Data shown >>
○ ○ ○ ○ ○

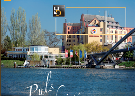
Blick vom Rhein und von der Dreiländerbrücke

Auch der Rheinpark, direkt vor der Haustür, lädt zu einem Spaziergang am Rheinufer ein. Hier befindet sich auch eine Schiffsanlegestelle der Basler Personenschiffahrt. Durch die Verbindung des Hotels mit dem Rheincenter sind diverse Einkaufsmöglichkeiten, Dienstleistungseinrichtungen, ein Kino und ein Fitnesscenter bequem zu erreichen.
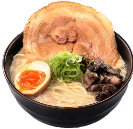
「さつま知覧どりの炭火焼き濃厚鶏白湯」
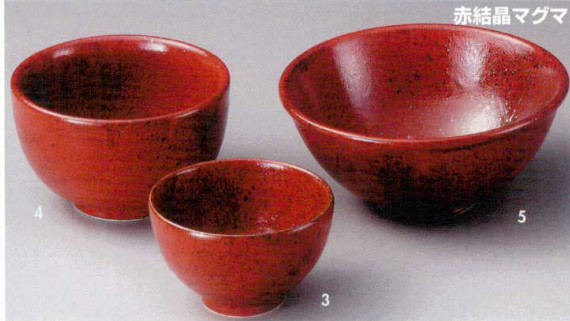
③41203-029 京型4.5丼 1,450円 (114×72mm) ④41204-029 夏目5.0丼 2,350円 (144×90mm) ⑤41205-029 6.5丼 3,000円 (200×85mm)
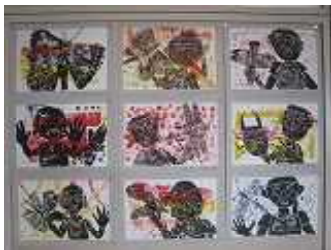
▲ 版画 (1年)

明日2月26日（水）は、今年度最後の授業参観及び学年部会です。授業の様子や学級内外の子供たちの作品等、学年部会における各担任からの説明を通して、この一年のお子様や学級、学年の子供たちの成長を感じていただけることと思います。
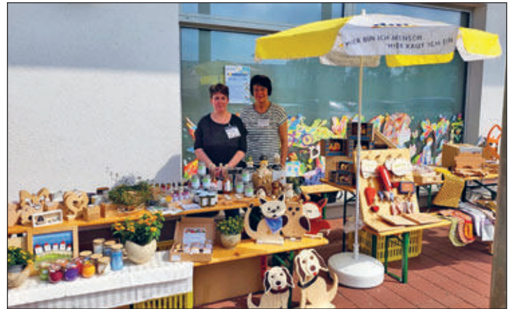
Lebenshilfe Stollberg gGmbH Hohensteiner Straße 39, 09366 Stollberg

Im Erzgebirgskreis sind insgesamt über 300 Mitarbeiterinnen und Mitarbeiter bei der Lebenshilfe Stollberg in verschiedenen sozialen Einrichtungen und Diensten tätig, darunter fünf Kindertagesstätten,
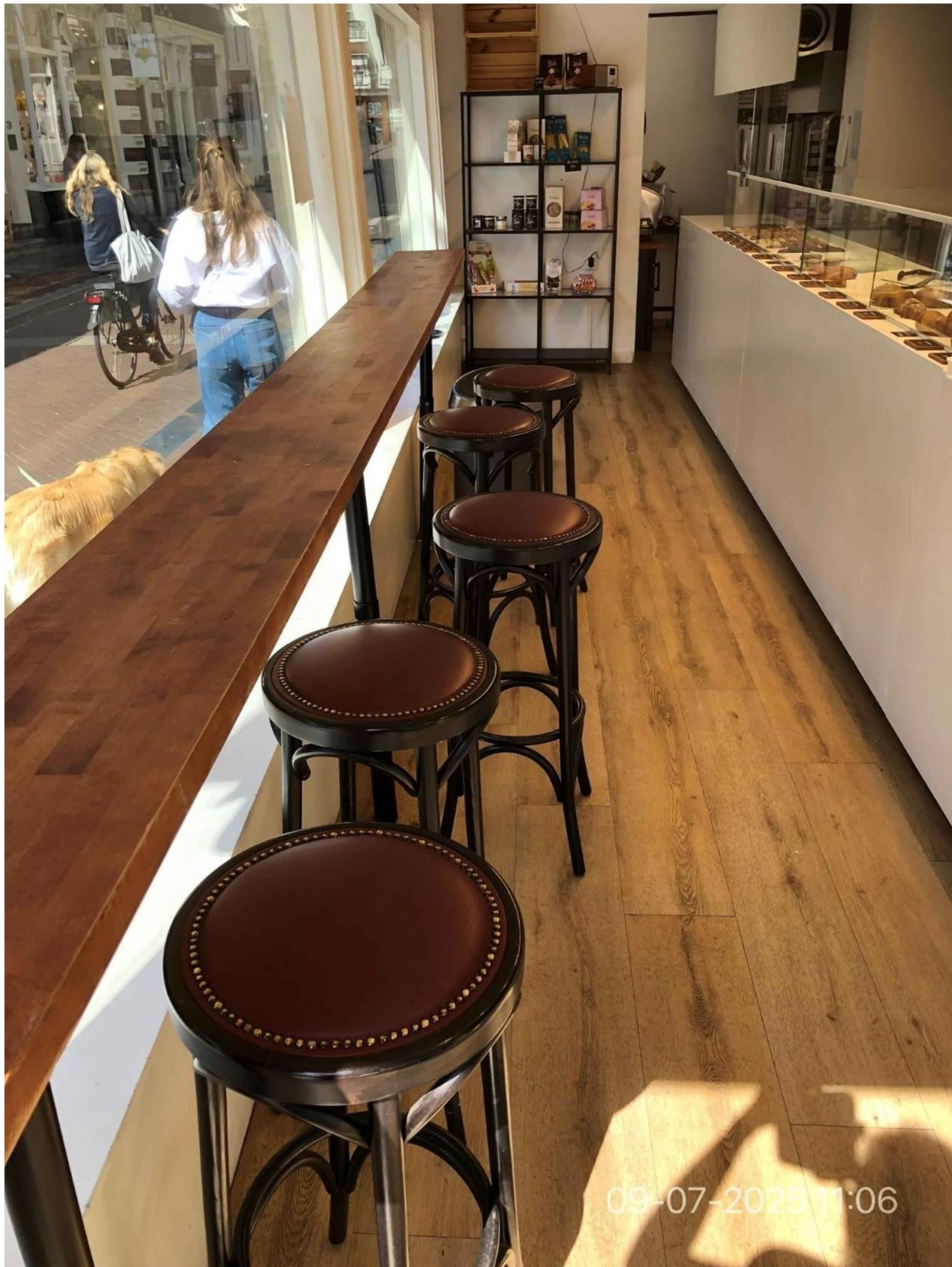
8. Aan de Oude Spiegelstraat zijde is achter het raam een tafel geplaatst met 5 krukken. Achterin staat een kast met diverse Italiaanse etenswaren. Rechts een hoge toonbank met vitrines met etenswaren zoals diverse soorten cannolo, koeken en croissantjes.

○ ○ ○ ○ ○

Task to carry out >> Check which lines of the entries hold the word "diverse", then please give only how many there are.

Exercise answer >> 2